Appeals court to hear arguments on whether or not University of Texas admissions policies violate the law
Austin American-Statesman
August 2, 2010
Is the University of Texas violating the law by considering race and ethnicity when it decides whom to admit to its freshman class?
That question will be debated Tuesday before a three-judge panel of the 5th U.S. Circuit Court of Appeals in New Orleans.
The case, filed in 2008 by two white students who were denied admission, is the first challenge of a university's affirmative action policies since the U.S. Supreme Court upheld affirmative action at the University of Michigan's law school in 2003.

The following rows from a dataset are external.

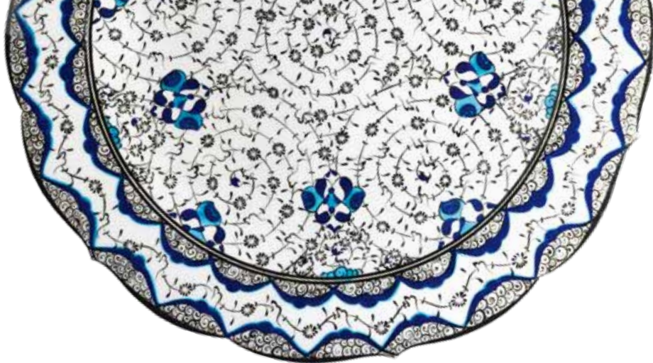
PLATE WITH GOLDEN HORN PATTERN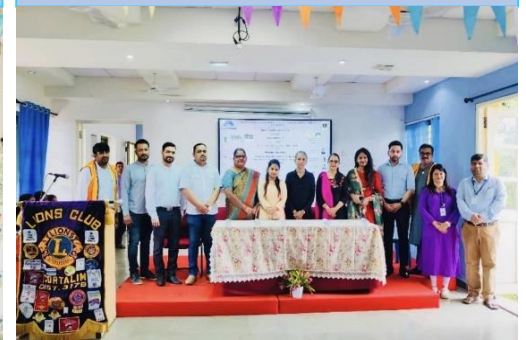
Super speciality Medical Camp by IQAC in association with VIDA Medical Clinic and Lions Club of Cortalim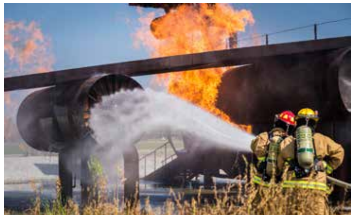
Firefighters assigned to the 139th Fire Emergency Services, Missouri Air National Guard, battle a simulated aircraft fire at Offutt Air Force Base, Neb., July 16, 2018. The civilians and airmen were conducting an aircraft live-fire exercise as part of their annual training.

The North Development Plan was a design contract in which the 139th updated their base master plan. This plan identified the order in which our facilities would be constructed on the north portion of the airfield. The work that was done with this design, which was completed in January of 2018, along with the future mission initiatives has helped to propel this effort to get the entire base relocated to the north end of the airfield.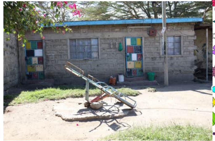
Teaching Staffs rooms

"Our argument is relatively simple," said Edward Blum, director of the Washington-based Project on Fair Representation, which opposes the use of race in public policy and which is helping to pay the plaintiffs' legal bills. "We believe that the reintroduction of race and ethnicity in the admissions process by the University of Texas is unconstitutional and falls outside of the parameters where race is allowed to be used."
UT and the Texas attorney general's office, which is defending the university's policy, offer an equally straightforward defense.
"The university believes that its admission system is well within the guidance the Supreme Court has given us in the Grutter case," said Patti Ohlendorf , UT's vice president for legal affairs, referring to the Michigan ruling.